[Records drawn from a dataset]

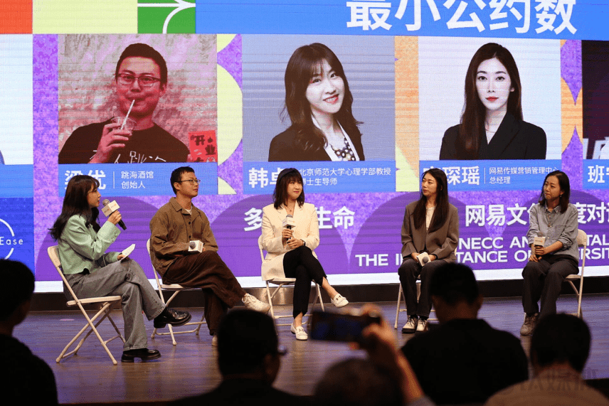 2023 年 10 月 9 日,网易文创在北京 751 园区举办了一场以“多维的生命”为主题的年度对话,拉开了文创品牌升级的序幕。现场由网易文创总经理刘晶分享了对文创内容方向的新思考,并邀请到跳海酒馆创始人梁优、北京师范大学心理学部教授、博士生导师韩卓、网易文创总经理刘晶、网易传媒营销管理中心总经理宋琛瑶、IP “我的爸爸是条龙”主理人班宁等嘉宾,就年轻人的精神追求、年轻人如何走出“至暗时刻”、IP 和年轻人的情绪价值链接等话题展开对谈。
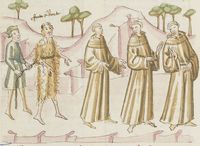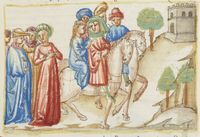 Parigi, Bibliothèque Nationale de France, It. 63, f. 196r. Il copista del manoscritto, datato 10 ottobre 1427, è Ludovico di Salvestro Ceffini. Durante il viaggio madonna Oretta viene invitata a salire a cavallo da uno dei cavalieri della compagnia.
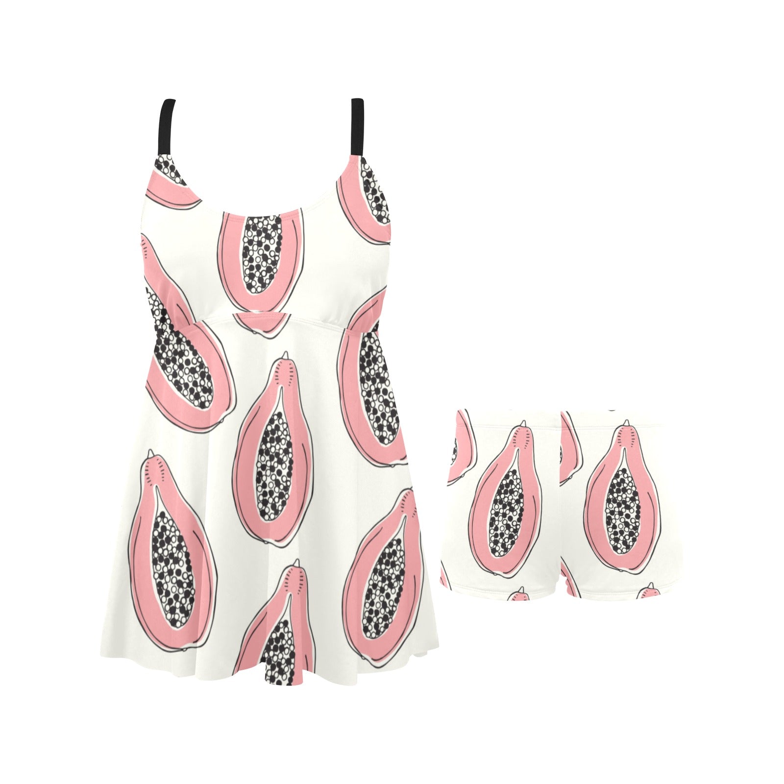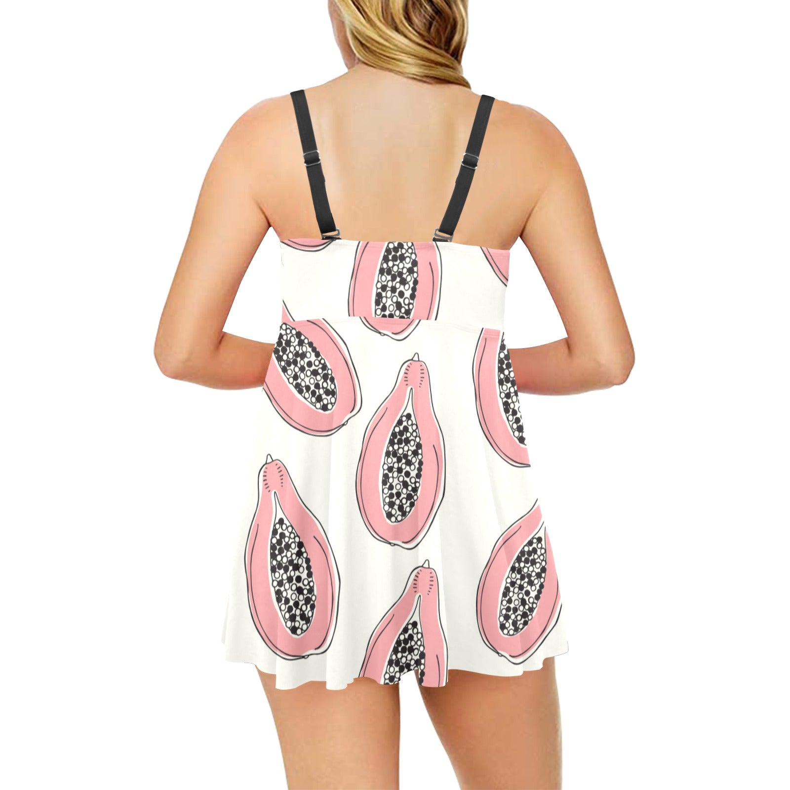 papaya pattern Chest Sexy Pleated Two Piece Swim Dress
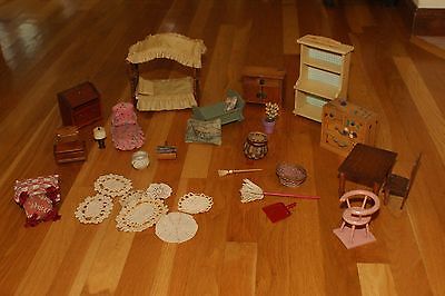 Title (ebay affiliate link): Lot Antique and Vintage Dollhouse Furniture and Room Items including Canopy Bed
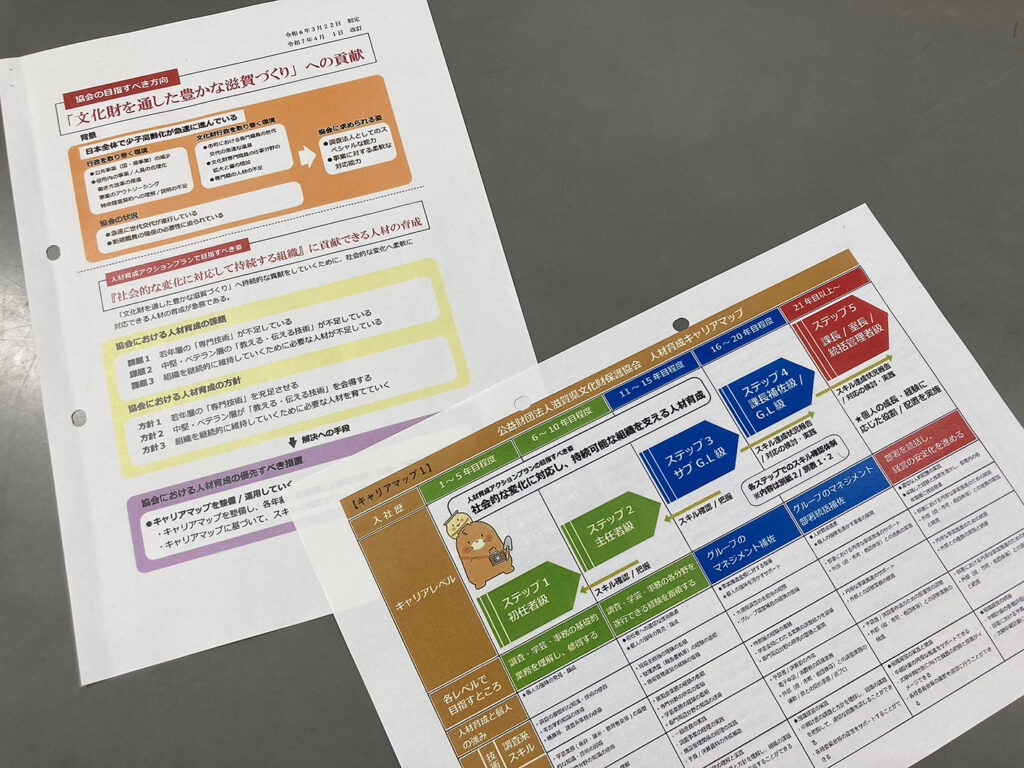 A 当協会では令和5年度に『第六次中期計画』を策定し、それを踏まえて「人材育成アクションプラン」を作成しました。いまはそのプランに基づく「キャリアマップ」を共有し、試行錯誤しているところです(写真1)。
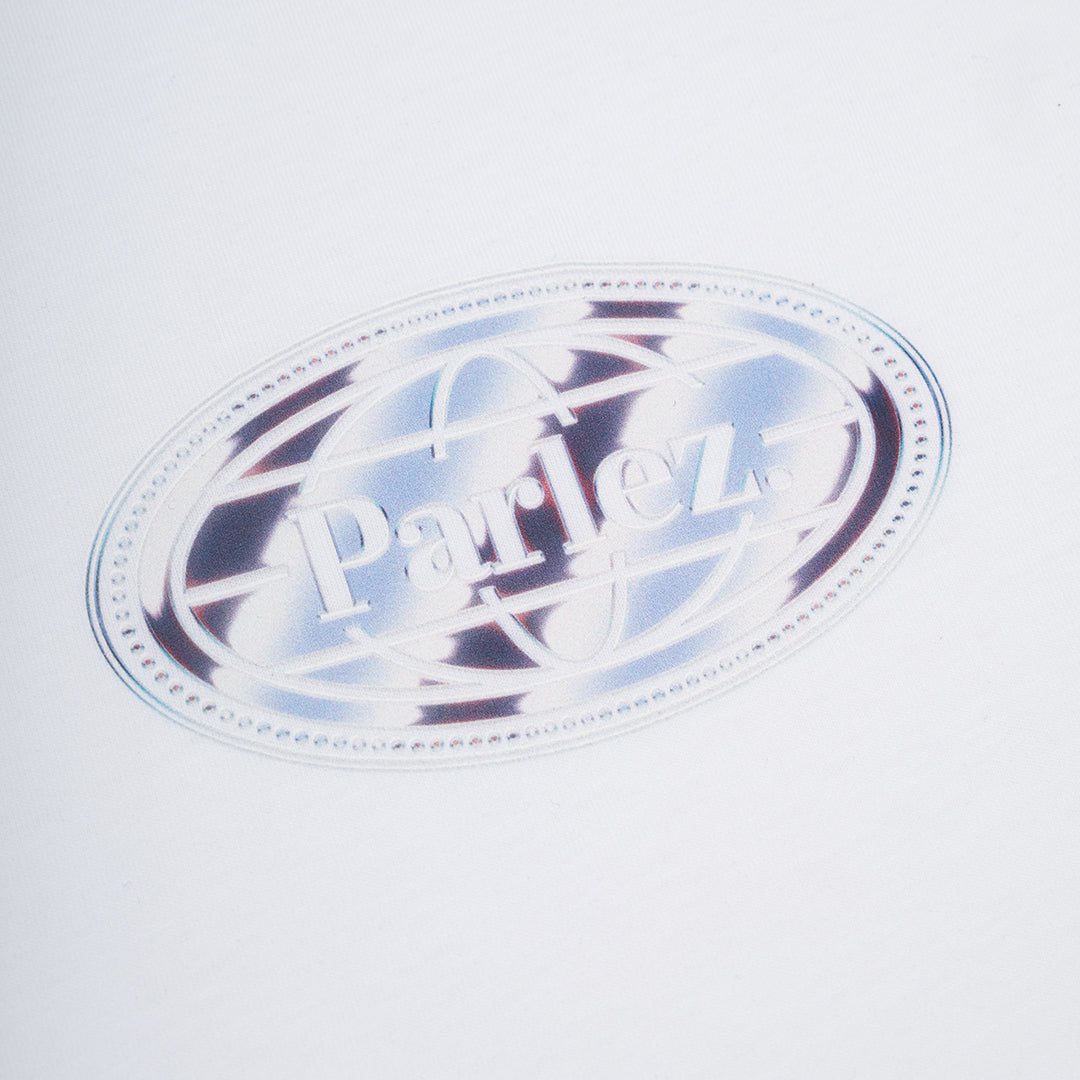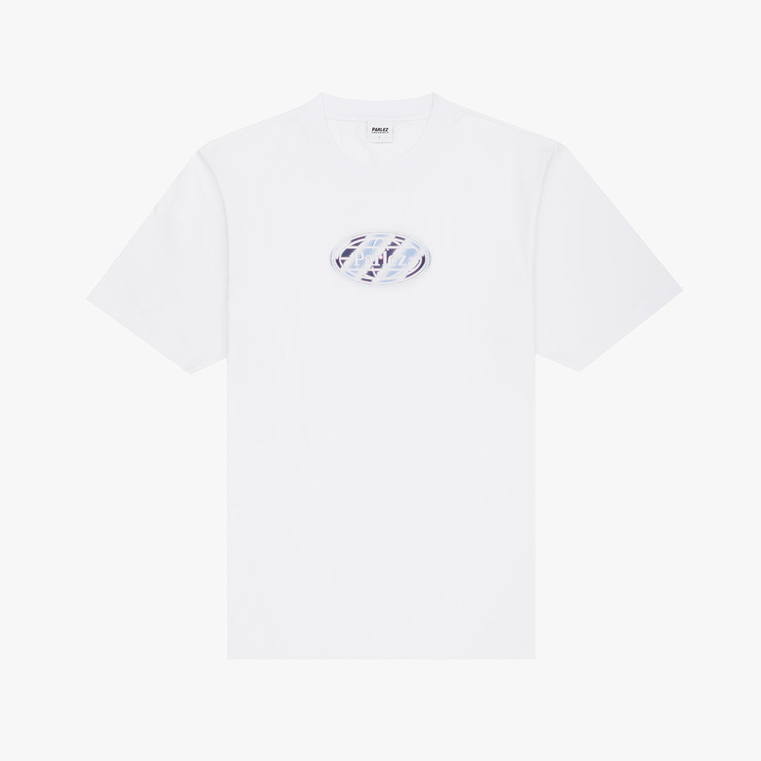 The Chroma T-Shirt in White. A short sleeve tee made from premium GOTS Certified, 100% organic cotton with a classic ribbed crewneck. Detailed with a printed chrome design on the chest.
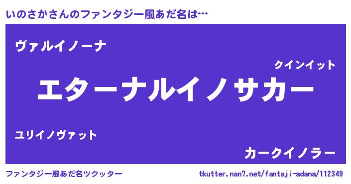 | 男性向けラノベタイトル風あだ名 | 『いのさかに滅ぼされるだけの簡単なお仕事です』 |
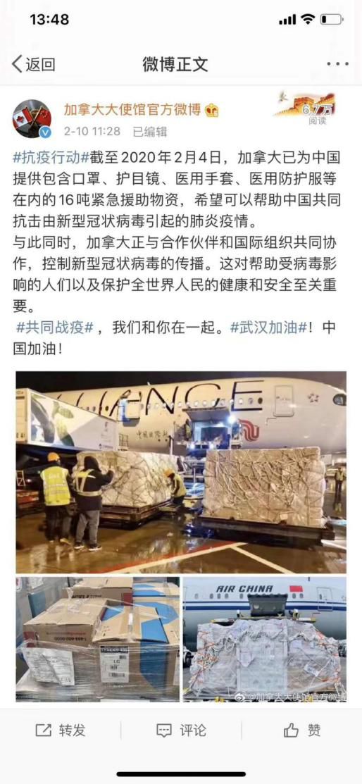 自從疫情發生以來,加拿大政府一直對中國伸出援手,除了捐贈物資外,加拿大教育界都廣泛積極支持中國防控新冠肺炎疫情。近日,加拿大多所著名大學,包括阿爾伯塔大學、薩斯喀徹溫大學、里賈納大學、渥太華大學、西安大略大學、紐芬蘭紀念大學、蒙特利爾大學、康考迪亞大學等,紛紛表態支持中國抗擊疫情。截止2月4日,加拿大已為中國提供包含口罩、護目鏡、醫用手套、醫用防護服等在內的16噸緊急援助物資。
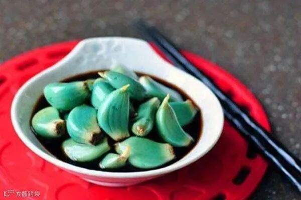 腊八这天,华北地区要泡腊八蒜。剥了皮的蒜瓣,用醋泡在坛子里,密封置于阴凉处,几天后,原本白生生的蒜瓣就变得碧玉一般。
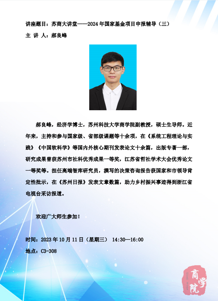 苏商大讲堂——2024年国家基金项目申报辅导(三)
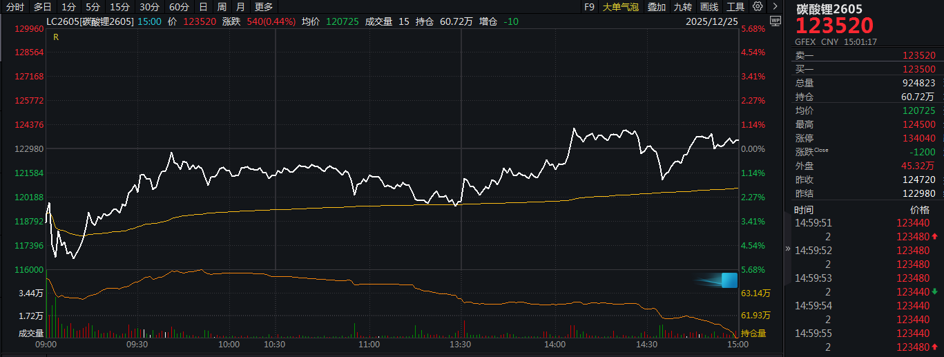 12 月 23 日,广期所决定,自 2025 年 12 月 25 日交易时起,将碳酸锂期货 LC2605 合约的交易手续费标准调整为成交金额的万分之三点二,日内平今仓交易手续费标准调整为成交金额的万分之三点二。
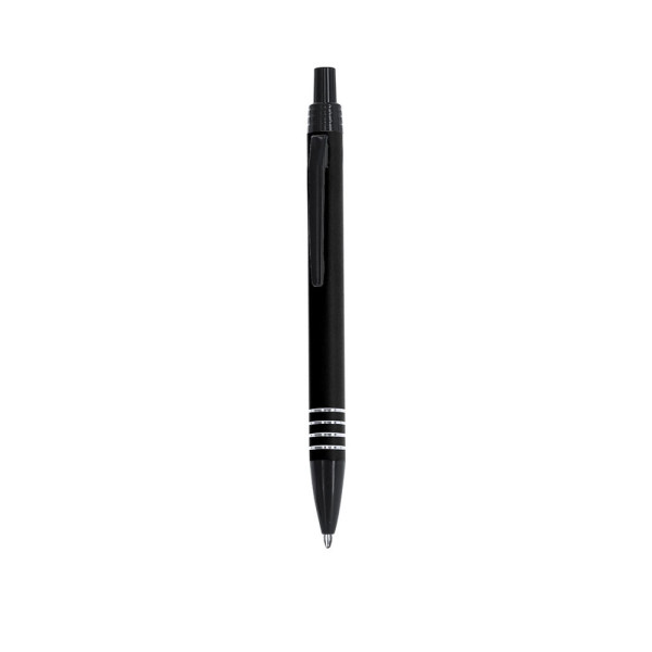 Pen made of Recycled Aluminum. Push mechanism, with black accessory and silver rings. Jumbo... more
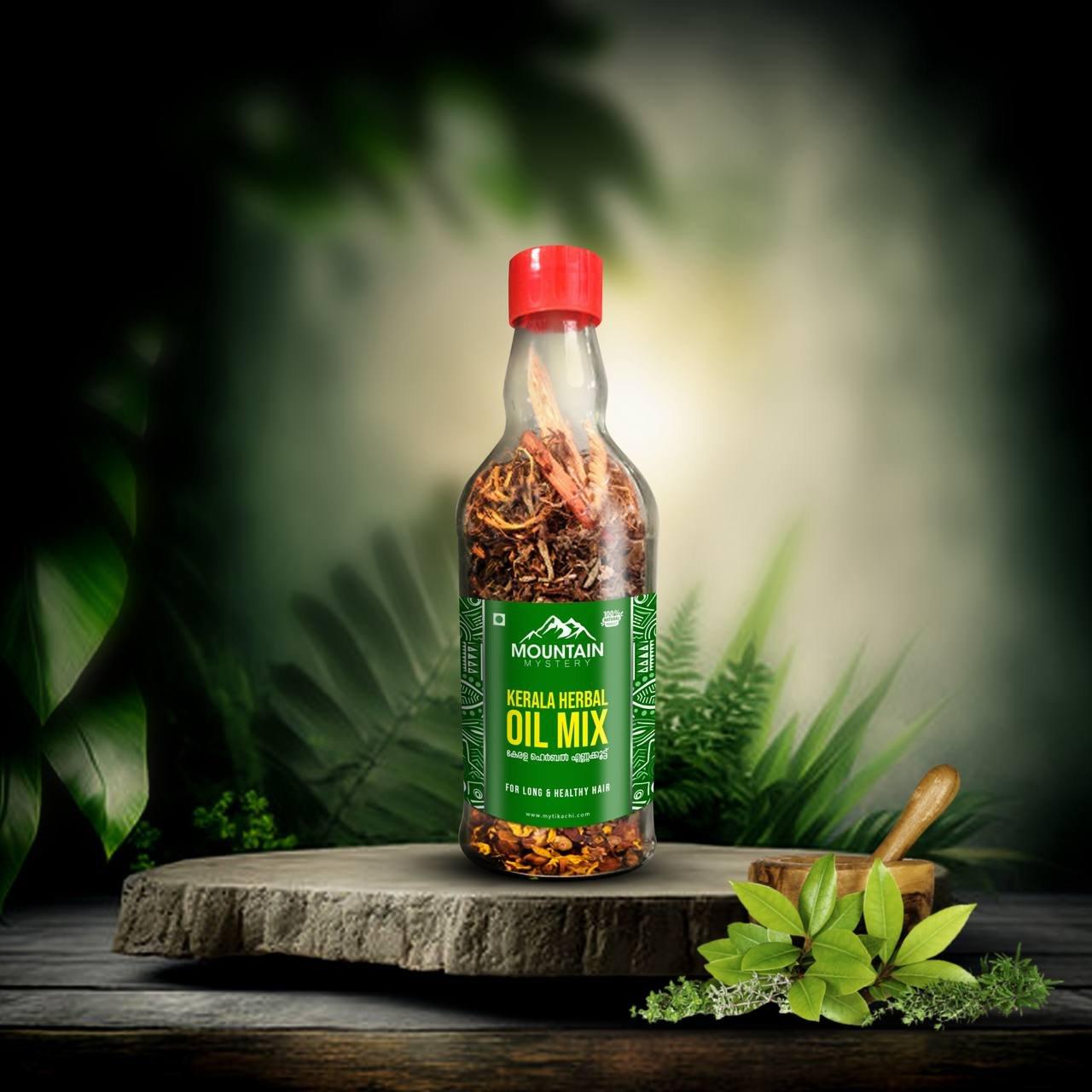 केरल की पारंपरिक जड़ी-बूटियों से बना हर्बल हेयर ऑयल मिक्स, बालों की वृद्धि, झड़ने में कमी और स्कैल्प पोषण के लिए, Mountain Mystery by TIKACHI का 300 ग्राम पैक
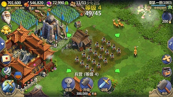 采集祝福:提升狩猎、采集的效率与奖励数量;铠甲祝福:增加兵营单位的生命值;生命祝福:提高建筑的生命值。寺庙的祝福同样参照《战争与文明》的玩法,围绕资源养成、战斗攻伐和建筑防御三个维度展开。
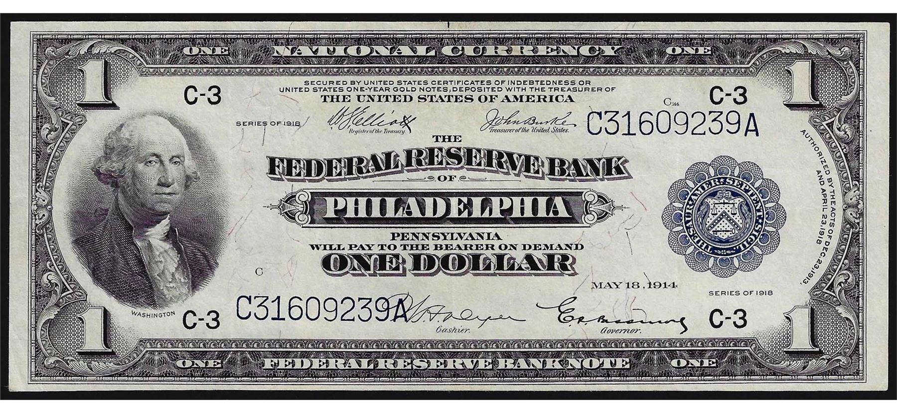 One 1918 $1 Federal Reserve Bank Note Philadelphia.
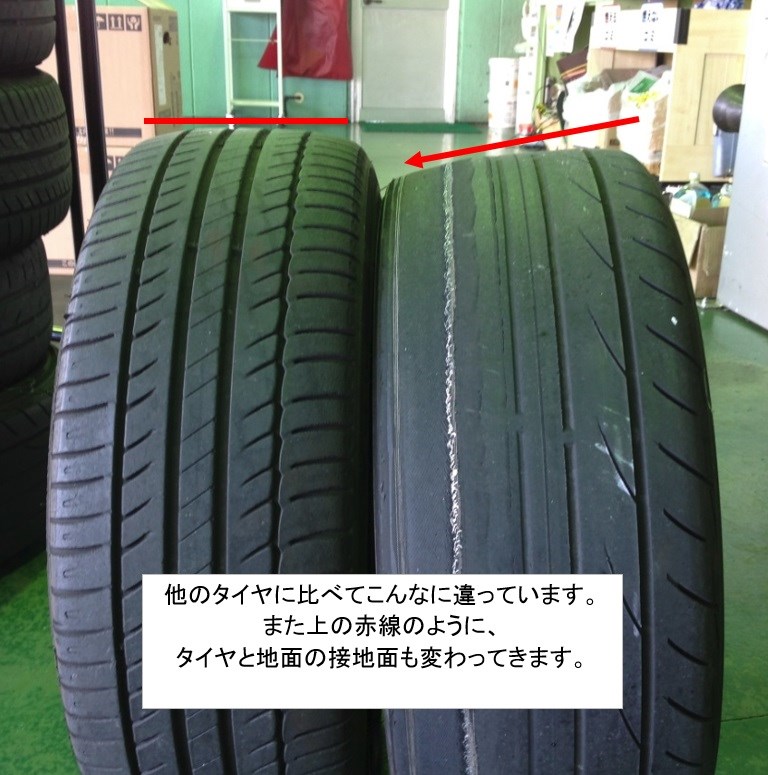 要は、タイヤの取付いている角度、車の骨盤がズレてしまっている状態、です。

** What you should do **
Quote verbatim every line starting at the line that contains "One 1918 $1" and ending with the last line of the records; omit all pictures.

** Solution to this problem **
 One 1918 $1 Federal Reserve Bank Note Philadelphia.
 要は、タイヤの取付いている角度、車の骨盤がズレてしまっている状態、です。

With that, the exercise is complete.